Big Interview Tomorrow With a Law Firm

So tomorrow is probably one of the bigger steps towards my career as a lawyer. I have an interview downtown with a fairly small but well known law firm. Luckily, through personal contacts I was able to send in my resume so that I could even get the interview. I think this will have to the path I go down to get most, if not all my internships and eventually my first job at a firm. Career services at the law school don't seem to do all that well in placing students with these firms.

Anyways, I should probably be sleeping right now. Wish me luck and cross the fingers. Five lawyers each get their own personal chance to knock me out tomorrow.

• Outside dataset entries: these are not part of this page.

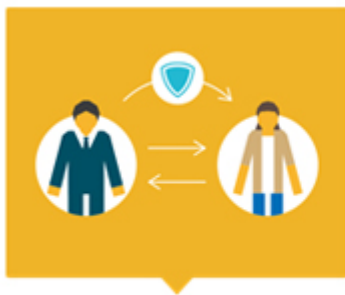
取引先には非通知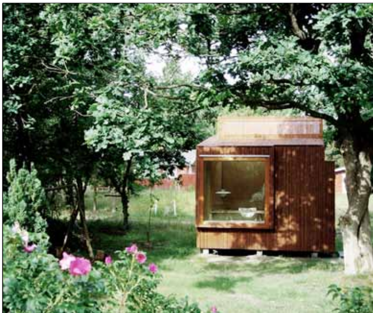
14) Bildet viser Dorte Mandrup Arkitekters "Read-Nest." Kunne en slik minimal måte å bo på vært aktuell for Odderøya? Ville det styrket øyas identitet?

På Odderøya det er muligheter for å studere ulike og alternative måter å bo på. Stadig flere søker alternative måter å bo på, og det er en del av arkitektens rolle å bevisstgjøre rundt potensialet slike boformer innehar. Et eksempel på dette er The Tiny House Movement som består av flere organisasjoner og grupperinger for mennesker som ønsker å bo minimalt. 83 Én av disse er; Small House Society som beskriver seg selv som; a cooperatively managed organization dedicated to the promotion of smaller housing alternatives which can be more affordable and ecological. 84 Ved en slik boform vil det miljømessige fotavtrykket kunne begrensnes. Når man er ferdig med boperioden pakker man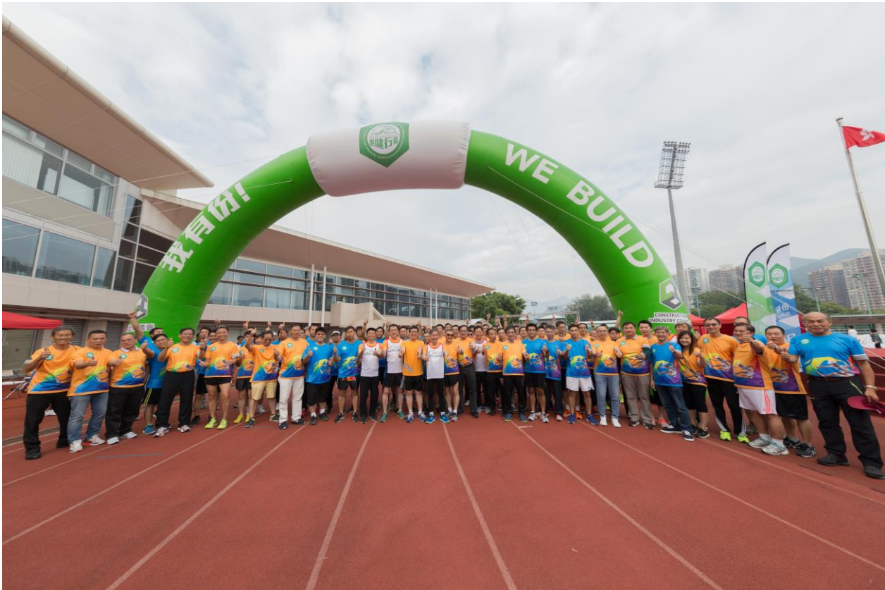
「400 米建造業關懷慈善跑」參賽健兒於起跑前合照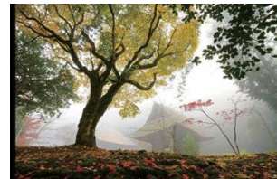
綾部市文化協会賞 かやぶきの寺 岩王寺 白木勇治（福知山市）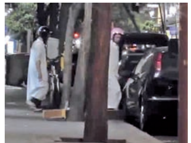
Dos de los presuntos yihadistas detenidos

En el último año han sido detenidos 172 terroristas yihadistas en operaciones realizadas en España.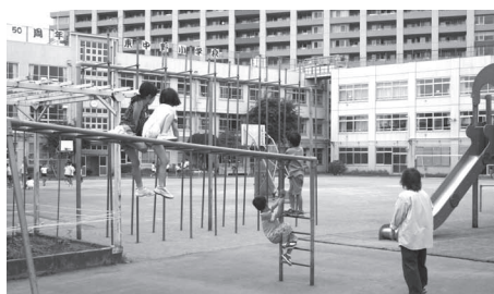
学校開放で遊ぶ子どもたち

区長 ①地域の意見を踏まえ、よりよい活用をしていきたい。今年度のできるだけ早い時期に区の家を固め、地域の皆さんとも協議していきたい。②東中野小跡地を含め、この地域における育成活動の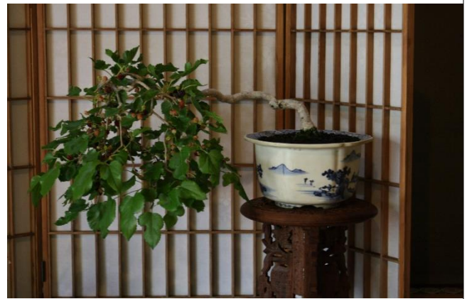
明月草 (メイゲツソウ)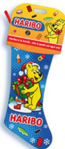
CALZA HARIBO 228G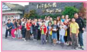
雲林夥伴參觀動物園並搭乘纜車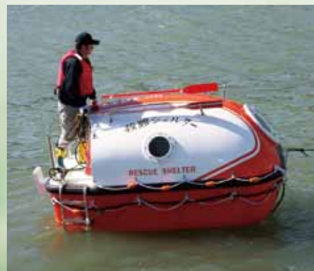
自航手漕ぎオール Oar mounting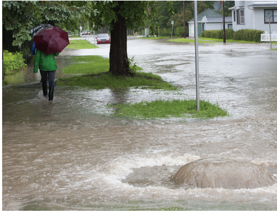
Une rue résidentielle inondée par un refoulement d'égout.

Les crues éclair peuvent survenir rapidement et le délai d'avertissement risque d'être très court. Les crues éclair sont surtout causées par la pluie, mais elles peuvent aussi être provoquées par des embâcles de glace ou par le bris d'une digue ou d'un barrage.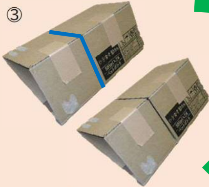
三角形のものが完成！これを2つ作って、 罫線部分の隙間に他の段ボールを差し込む！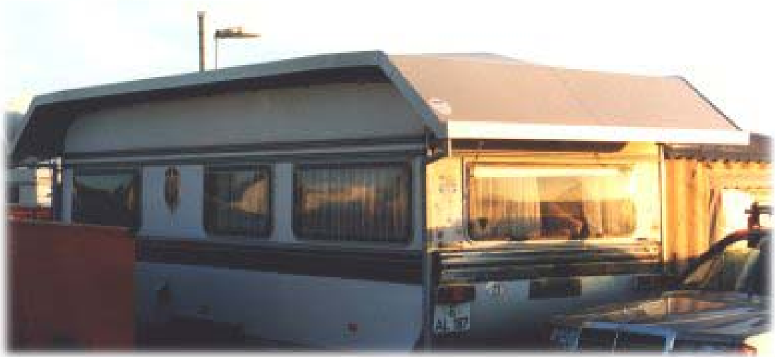
Schutzdach über Wohnwagen

Die Dachluken können auch bei Regen oder Schneefall geöffnet werden. Für Abgaskamin und Antenne werden bei der Montage Verlängerungen und Durchbrüche eingebaut. Übrigens: Veltel-Schutzdächer können problemlos demontiert und ggf. für einen anderen Wohnwagen (evtl. mit Änderung) verwendet werden.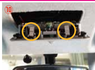
⑩ ○の位置にピンがありますので押さえながら外して下さい。無理やり外すとピンが折れやすいので注意して下さい。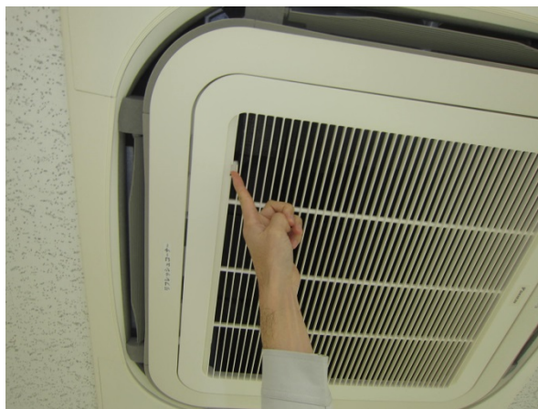
②蓋のロックを解除します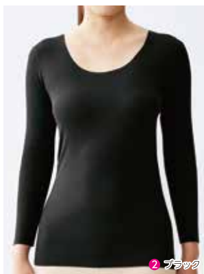
2 8分袖インナー NP0046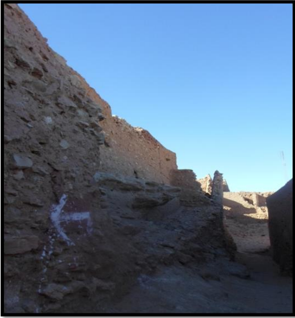
الصورة رقم 05 الخندق في قصر تماسخت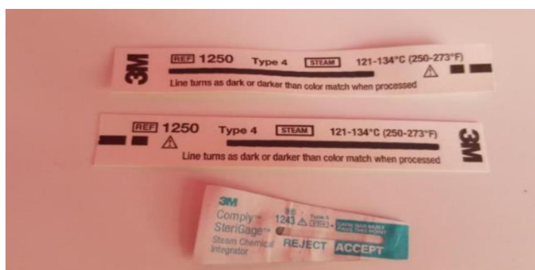
Gráfico 2 Tira indicadora 3MMR ComplyMR 1250/ Integrador químico 3MR ComplyMR SteriGageMR 1243

Nota: Aceptado/Rechazado Autoclave F; Semana 1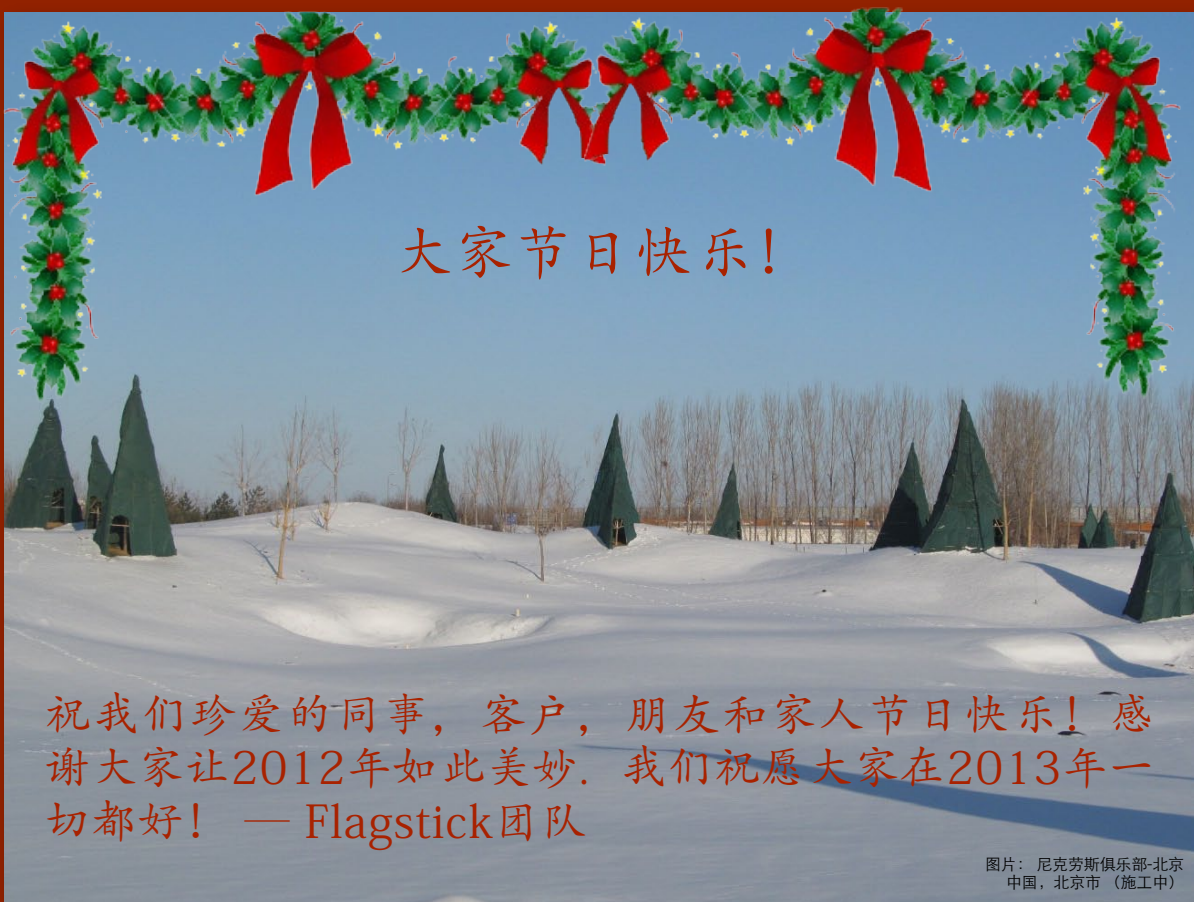
图片：尼克劳斯俱乐部-北京 中国，北京市（施工中）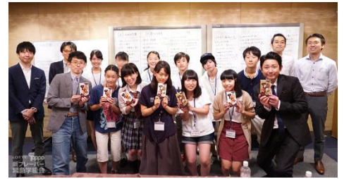
真剣ながらもとても楽しい座談会になりました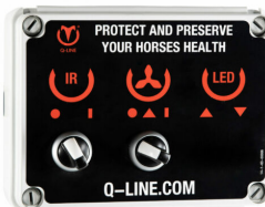
Image not found Inclusief kabels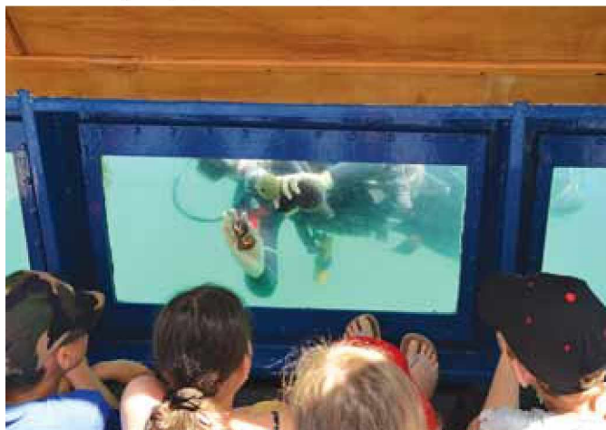
Podvodni svet je bil še posebej zanimiv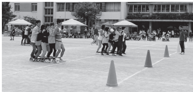
「1,2 1,2」5人1組でムカデ競争

14町2団体（浜脇地区社会福祉協議会、浜脇地区青少年愛護協議会）の総勢650人が参加し、ムカデ競争、ホールインワン、力くらべ、リレーなど、老若男女みんなで楽しみながら、力を合わせて心一つに頑張りました。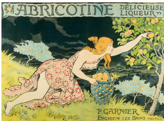
Abricotine. Délicieuse liqueur , vers 1900 Chromolithographie, 75 x 109,5 cm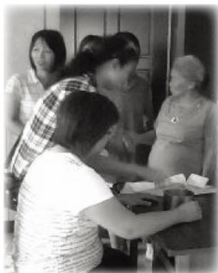
↑台北縣身心障礙者福利促進協會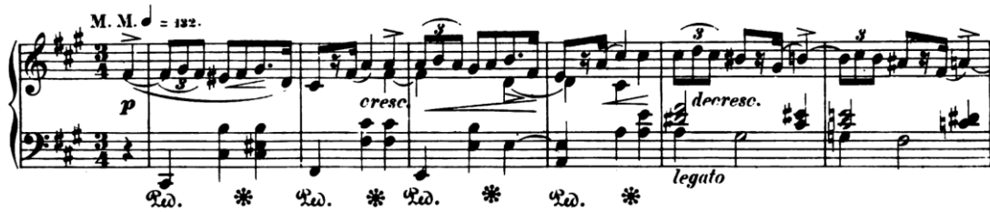
Şekil 2. F. Chopin “Mazurka Op. 6 No. 1” Fa diyez minör Kaynak: Friedrich Chopin’s Werke Band III

Chopin’in “Mazurkalar”ı, Polonya halk danslarının karakteristik unsurlarını barındırmaktadır. “Op. 6 No. 1” (Şekil 2), halk müziğinin dans ritimlerini sofistike bir romantik dil ile birleştirir. Bu eser, temposuyla duygu yoğunluğu ve dramatik ifade arasında dengeli bir ilişki sunmaktadır.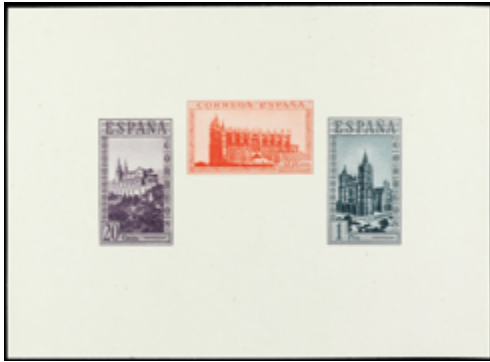
1828 50 €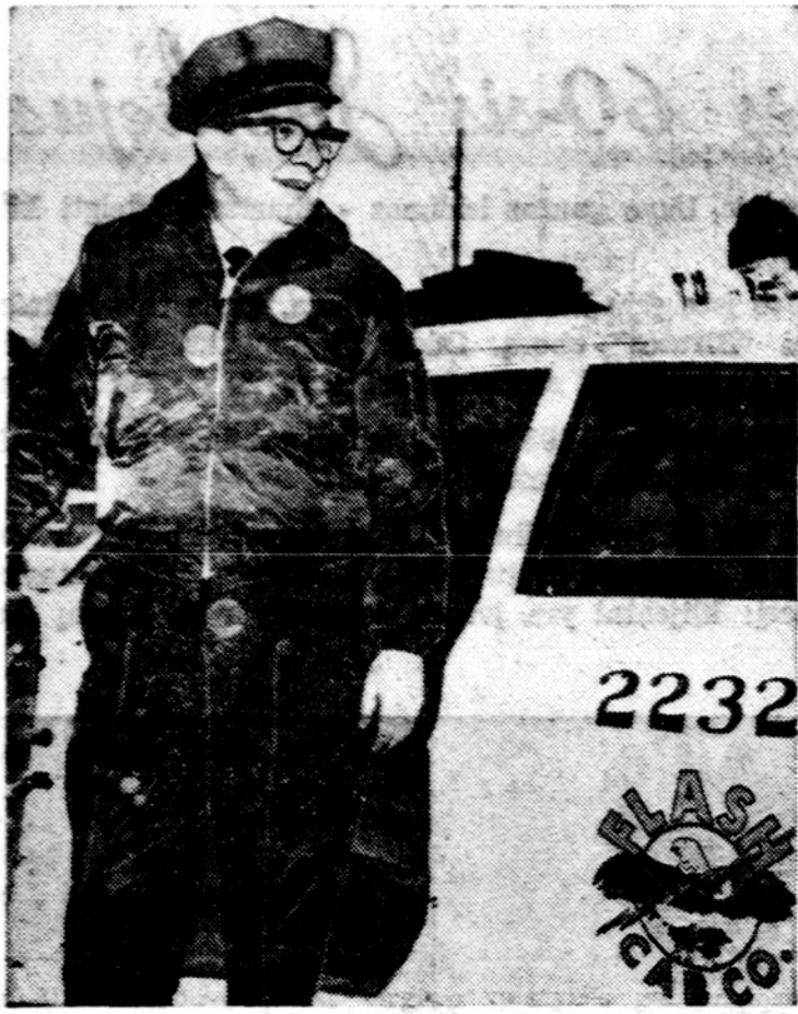
William Marland, buvęs West Virginia valstybės gubernatorius, taip nusišvyveno, kad šiuo metu vairuoja taksį automatinę Chicagoje, uždirbamas per savaitę 70-90 dol. Jis buvo tapęs alkoholiuku.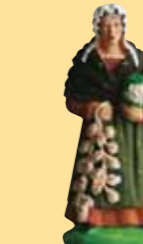
Femme au chou et à l'ail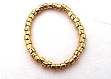
1) Plaats 40 DB11 en sluit.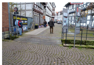
Weg vom Parkplatz zum Eingang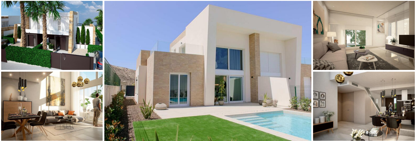
Neubau-Doppelhaushälften mit privatem Pool im La Finca Golf Resort, Algorfa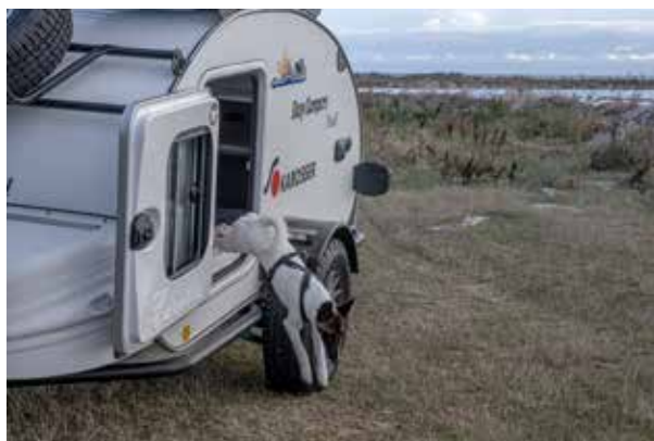
HUNDVÄNLIG. Foxterriern Tindra passar på att ge sig iväg ut på egna äventyr när dörren öppnas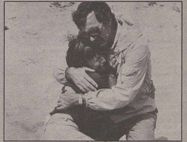
Það gerast heldur betur óvæntir atburðir þegar fjölskyldan fer í útilegu.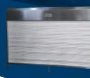
ESTERILIZADOR POR OZONO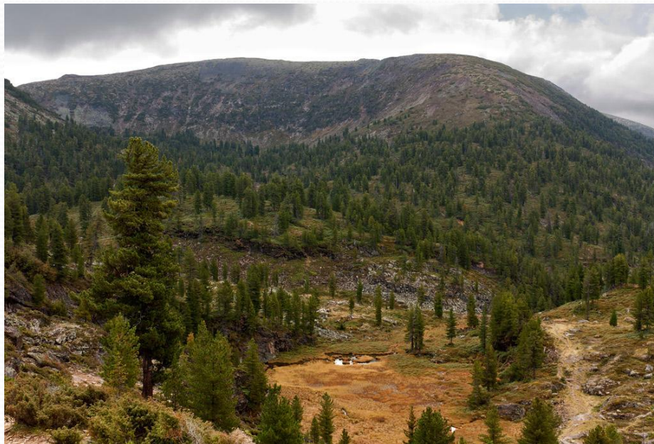
Кедровые леса Байкала

Tuesday, December 19, 2006

A little funny law humor for the holiday season

This comic is pretty good.

The Freedom Clause

Again, you see how I am spending my time on my break.

Very Helpful Site for Law School

Again, I spent another night surfing the web looking at various legal stuff. It is really funny how much law school information is out there. I know during the semester I looked around for various sources to help me with exams and just something that would help me kinda find my way.

Anyways, I think I found probably one of the best informational sites for exam help, legal analysis, etc. so far. It even had some information on grand ole IRAC and other helpful tips.

If you're interested or looking for law school help on exams or analysis then read up on this site.

InLawSchool.com - Law School Exam Help, Legal Analysis

Hope it helps!

Monday, December 18, 2006

Law T-Shirts and More

So I ran across these law school t-shirts. For those that haven't seen these then this is a must.

Personal favorites are:
- You Down With the UCC - Yeah You Know Me!
- You Got SERVED! FRCP4
- I Use Your Mom So Often I Should Have a Prescriptive Easement.

Funny Law School Tees

I thought these were much better than the typical jokes like "Why did the Shark not eat the Lawyer? - Professional Courtesy"

Enjoy!

Saturday, December 16, 2006

Another one of those law blogs

I have recently finished up my first semester of my 1L year and probably one of the most unenlightened ideas popped into my head.

Why don't I start a blog to ramble about lovely law school?

I mean whether I'm a law student come February is still to be determined but I figured that I'm invested 40k into law school already so why not throw a blog in to add to the pile.

Christmas break comes around so you go home to your family and friends then realize you are struggling for conversation topics. I mean who wants to hear about TJ Hooper, Eastern Gulf, or about some doctrine that is Erie.

I really once was a pretty big talker. My father loved to call by the nickname "Motor Mouth" but now it seems I'd rather sit still and listen then try to argue two sides to some issue. The best is when I dive into a conversation and start off stating an issue (whether this...) and receive the most perplexed looks in return. I mean give a 1L the hypo 1+1=2 and they'd probably try to argue that it is a very complex legal question by using 3 and 4 word jumbles (insofar) or just some cool Latin speak (res ipsa loquitor). It is hilarious though, hearing res ipsa said by a good country boy or being written on the board by your prof as a kid rambles on about why you should vote for him for honor court justice.

So far, I've enjoyed law school. I have found my passion and have worked harder then I ever imagined possible. I have probably read more in the past six months then in my life time but it for the most part has been interesting topics. Sorry but sometimes Civ Pro is painful. I learned that undergrads will most likely kill 1Ls in flag football but felt redeemed by the us beating the 2Ls in the Battle for the Chattel (Law School speak for Super Bowl).

Anyways, I do hope to write much more about legal issues then reflections but I guess it is that time of year.